Kevorkian compared his situation to that of an executioner, arguing that the executioner also doesn't intend to kill, but has a job to do -- a job that society sanctions.

Kevorkian said he was not a media hound. "The press makes me a celebrity. They make me a celebrity by these court actions," he said.

The reputed "Dr. Death" faces first-degree murder charges for his involvement in the death of Lou Gehrig's disease patient Thomas Youk last September. Kevorkian videotaped himself injecting Youk with the drugs that ended Youk's life and submitted the tapes to CBS' "60 Minutes," which showed the death to a national audience on November 23.

Kevorkian has said he did what he did in order to make his case for euthanasia in a court of law. In his opening statement Kevorkian said he wanted "to get into this sanctum sanctorium where it is difficult to lie and get away with it."

During his opening, Kevorkian proposed to define malice as a vicious act that required a vicious will, prompting prosecutor John Skrzynski to object that Kevorkian was making a legal argument, rather than laying out the facts, something an attorney can not do in the opening statement.

Outside the presence of the jury, Skrzynski said that malice was defined simply as the intent to kill, and that Kevorkian was inappropriately trying to get the jury to consider viciousness when determining malice. He also pointed out that the prosecution made a pre-trial motion to prevent this from happening.

Judge Jessica Cooper agreed with the prosecutors and Kevorkian agreed to stay within the boundaries set by Cooper.

Cooper strongly counseled Kevorkian to confer with his attorneys after the objection was raised. Kevorkian refused, saying he wanted to get back to the jury.

When the jury returned he told them that history will judge what they do. Finally he said, "What I did for Thomas Youk was not a crime. [It] was not murder." Despite the objection of defense attorneys, Cooper ruled Monday morning that Dr. Jack Kevorkian can represent himself at his murder trial.

"Do you realize the risk involved, that you could spend the rest of your life in prison?" Cooper asked Kevorkian during Monday's hearing, before the start of jury selection.

"There's not much of it left, your honor," Kevorkian said. "I intended to represent myself all along."

Cooper carefully asked Kevorkian whether he had seen the inside of a prison, whether he understood the limitations of the questions he could ask witnesses, and whether he understood that he had to follow the rules of the court. Kevorkian replied that he did and that he intended to "say nothing but the truth" at trial. Cooper then hesitantly granted Kevorkian's request.

Kevorkian said that he was not dissatisfied with the service of his attorneys, Lisa Dwyer and David Gorosh, who held a press conference immediately after opening statements. Gorosh told reporters Kevorkian conducted himself with "eloquence, statesmanship, and grace."

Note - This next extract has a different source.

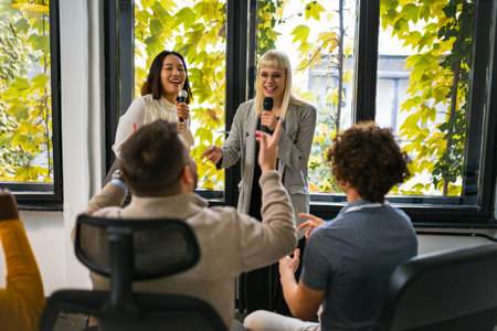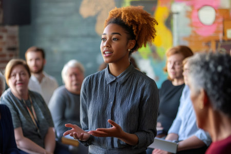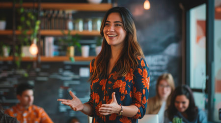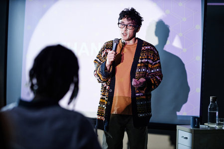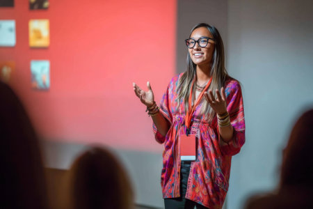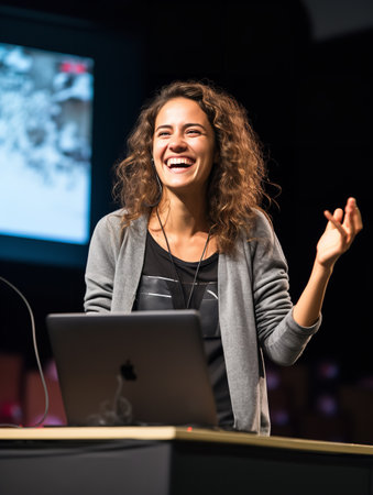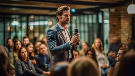 Confident presenter engaging audience during startup pitch, business setting. generated by ai

Gorosh said he would help Kevorkian deal with evidentiary issues and compliance with pre-trial orders as the need arose. He added that Kevorkian had handled himself capably so far. More importantly, Gorosh said Kevorkian has the "sympathetic ear of the court," and that the judge appears to be trying to allow Kevorkian the opportunity to make his arguments. Gorosh said he expected jurors to "inherently understand this was not a murder."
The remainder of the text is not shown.